Marc-Christian Petersen wrote:
> On Wednesday 12 March 2003 12:27, Charles-Edouard Ruault wrote:
> 
> Hi Charles-Edouard,
> 
> 
>>i've been running kernel 2.4.21-preX series for a while on my ASUS A7V8X
>>motherboard ( with an athlon XP 2400+ )  and i've noticed the following
>>annoying problem.
>>Very often, mozilla ( 1.2.1 ) dies and is stuck in D state, waiting on a
>>semaphore, here's the output of ps :
>>
>>ps -elf | grep mozill
>>000 S userX 2615  1462  0  69   0    -   972 wait4  00:50 ?
>>00:00:00 /bin/sh /usr/local/mozilla/run-mozilla.sh
>>/usr/local/mozilla/mozilla-bin
>>000 D userX   2621  2615  0  69   0    - 13623 down   00:50 ?
>>00:00:02 /usr/local/mozilla/mozilla-bin
>>
>>Has anyone noticed the same behaviour ? Is this a well known problem ?
>>Thanks for your help.
> 
> There is a patch from Andrea for a long long time now.

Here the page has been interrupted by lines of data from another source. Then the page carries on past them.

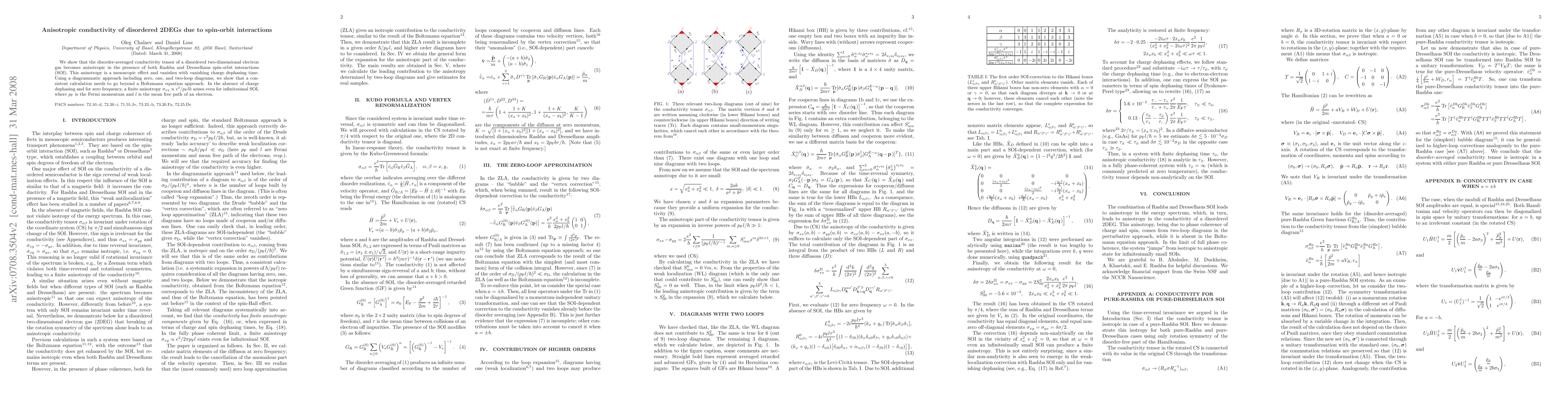 We show that the conductivity tensor of a disordered two-dimensional electron gas becomes anisotropic in the presence of both Rashba and Dresselhaus spin-orbit interactions (SOI). This anisotropy is a mesoscopic effect and vanishes with vanishing charge dephasing time. Using a diagrammatic approach including zero, one, and two-loop diagrams, we show that a consistent calculation needs to go beyond a Boltzmann equation approach. In the absence of charge dephasing and for zero frequency, a finite anisotropy \sigma_{xy} e^2/lhpf arises even for infinitesimal SOI.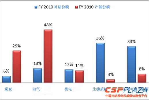 圖:2010財年各類能源補貼及產能份額(來源:EIA)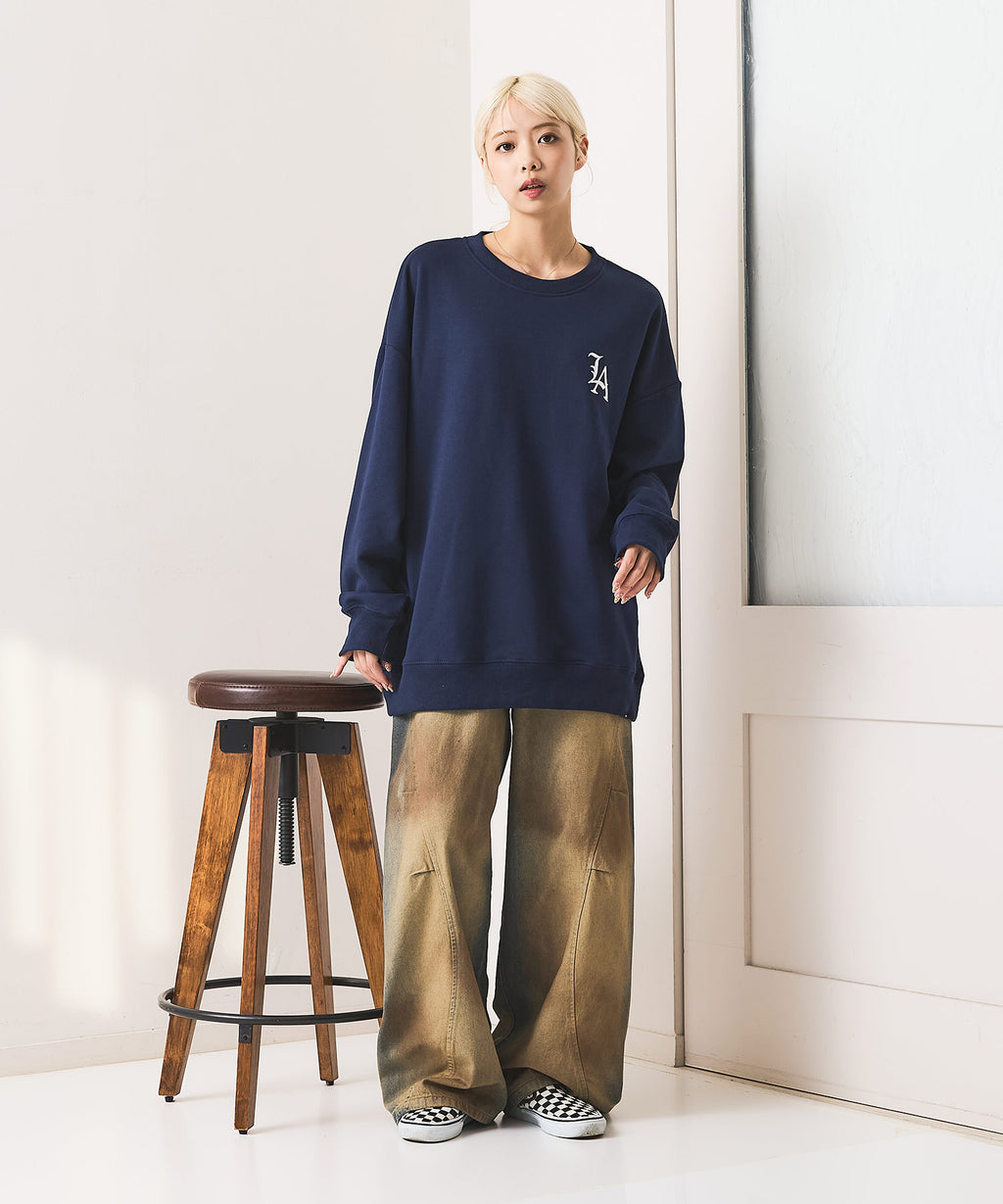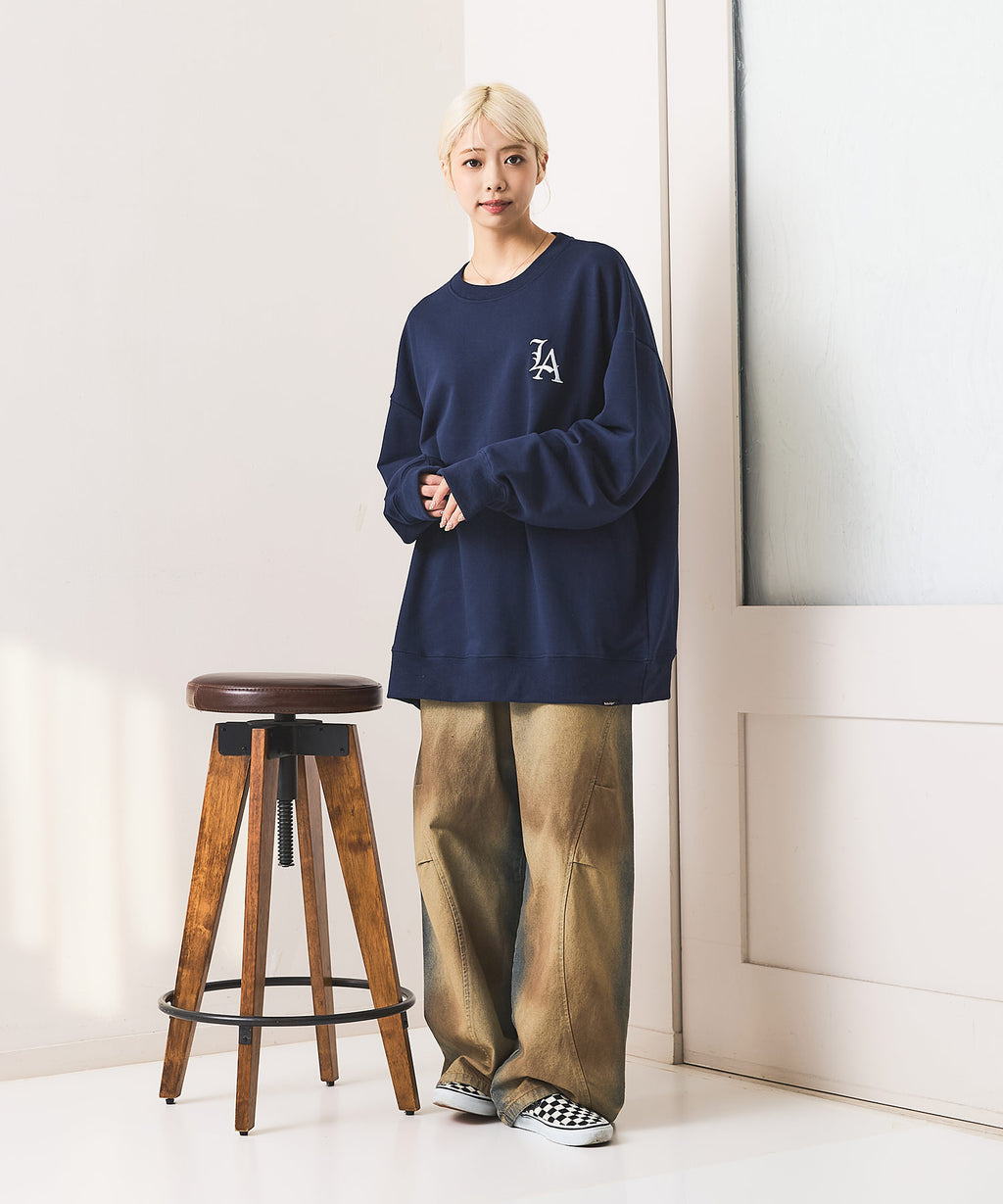 【SAVIER:サビアー】LA ロゴ刺繍 ルーズスウェット 【セットアップ可能】/ LA Logo

You may try it.
> 
> ciao, Marc
> 

Hi Marc-Christian,

i applied the patch over 2.4.21-pre5 and did some more testing.
I'm still having a problem but a different one ( i strongly suspect it's 
due to the patch since i never had this before and this occured when i 
tried to reproduce my previous problem ).
Here's a exerpt of the logs:

Mar 12 10:19:38 localhost kernel: hda: dma_timer_expiry: dma status == 
0x21
Mar 12 10:21:19 localhost kernel: hda: timeout waiting for DMA
Mar 12 10:21:19 localhost kernel: hda: timeout waiting for DMA 

Mar 12 10:21:19 localhost kernel: hda: (__ide_dma_test_irq) called while 
not waiting
Mar 12 10:21:19 localhost kernel: hda: status error: status=0x51 { 
DriveReady SeekComplete Error }
  Mar 12 10:21:19 localhost kernel: hda: status error: error=0x04 { 
DriveStatusError }
Mar 12 10:21:19 localhost kernel: hda: no DRQ after issuing MULTWRITE 

Mar 12 10:21:19 localhost kernel: hda: status error: status=0x51 { 
DriveReady SeekComplete Error }
Mar 12 10:21:19 localhost kernel: hda: status error: error=0x04 { 
DriveStatusError }
Mar 12 10:21:19 localhost kernel: hda: no DRQ after issuing MULTWRITE
Mar 12 10:21:19 localhost kernel: hda: status error: status=0x51 { 
DriveReady SeekComplete Error }
Mar 12 10:21:19 localhost kernel: hda: status error: error=0x04 { 
DriveStatusError }
Mar 12 10:21:19 localhost kernel: hda: no DRQ after issuing MULTWRITE 

Mar 12 10:21:19 localhost kernel: hda: status error: status=0x51 { 
DriveReady SeekComplete Error }
Mar 12 10:21:19 localhost kernel: hda: status error: error=0x04 { 
DriveStatusError }
  Mar 12 10:21:19 localhost kernel: hda: no DRQ after issuing WRITE
Mar 12 10:21:19 localhost kernel: ide0: reset: success 

Mar 12 10:21:19 localhost kernel: hda: dma_timer_expiry: dma status == 0x21
Mar 12 10:21:19 localhost kernel: hda: timeout waiting for DMA 

Mar 12 10:21:19 localhost kernel: hda: timeout waiting for DMA
Mar 12 10:21:19 localhost kernel: hda: (__ide_dma_test_irq) called while 
not waiting
Mar 12 10:21:19 localhost kernel: hda: status error: status=0x58 { 
DriveReady SeekComplete DataRequest } 

Mar 12 10:21:19 localhost kernel: hda: drive not ready for command
Mar 12 10:21:19 localhost kernel: hda: status timeout: status=0xd0 { 
Busy }
Mar 12 10:21:19 localhost kernel: hda: drive not ready for command 

Mar 12 10:21:19 localhost kernel: ide0: reset: success
Mar 12 10:21:19 localhost kernel: hda: dma_timer_expiry: dma status == 0x21


and basically the whole machine locked up ... reset was the only way out :-(
I have an ASUS A7V8X motherboard with a VIA Technologies, Inc. VT82C586B 
PIPC Bus Master IDE (rev 06)and a Maxtor 6Y080L0 hard drive.
Any other idea/hint to solve this ?
Thanks again for your help

-- 
Charles-Edouard Ruault
PGP Key ID 4370AF2D


^ permalink raw reply	[flat|nested] 3+ messages in thread

end of thread, other threads:[~2003-03-13  6:55 UTC | newest]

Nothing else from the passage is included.